Hopefully OP and husband will take a second look at this arrangement and reconsider. Once a couple has kids, capitalism in the home kind of falls apart and it should be "From each according to his ability, to each according to his need". The kid is going to forfeit his lemonade stand profits to make up for parents' lost wages due to his sick days. |
It depends on how you define "equality". Money - yes, I'm not equal to DH in terms of money. That is a fact. The time, effort, raising a child is priceless. I can't put a price tag on it. There is no equivalent. All the sucky parts of child rearing and all the glorious moments. You can't compare it to anything quantitatively. There will always be imbalance in child rearing. The system you used as singles and then as a married couple doesn't really transfer to a family dynamic. |
So many judgmental pearl-clutchers on this thread. Oh yeah, this is DCUM.
I am with you OP. |
OP, my problem with your proposition is the notion that DH should reimburse half your salary. A better approach would be for him to have first paid his usual contribution plus your usual contribution to the joint account, and then temporarily split whatever of his compensation is leftover with you. Realistically, you were a SAHM while on maternity leave and that arrangement only works when the breadwinner's income is treated as joint/family income. Given that you keep separate accounts, splitting the income is consistent with the spirit of your arrangement.

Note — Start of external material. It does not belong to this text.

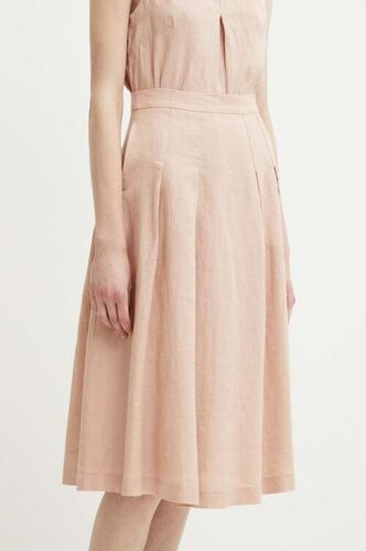 United Colors of Benetton spódnica lniana kolor różowy midi rozkloszowana

Realize, though, that once kids come along, one partner in the marriage usually takes on more than his/her share at home and suffers a financial/advancement hit at work as a result. You should really be pooling more of your income or, if you want separate accounts, fund the joint account and college savings first, pro rata based on your income, then split the residual household income between your personal account and DH's personal account. |
Equality never existed because you have separate accounts. Even though you may not have a formal prenup, it's entirely fucked up that you have separate accounts and think he "owes" your accounts because "your" money took a hit due to maternity leave. You might as well of made a prenup because you are *not* a married couple. You are "to each their own".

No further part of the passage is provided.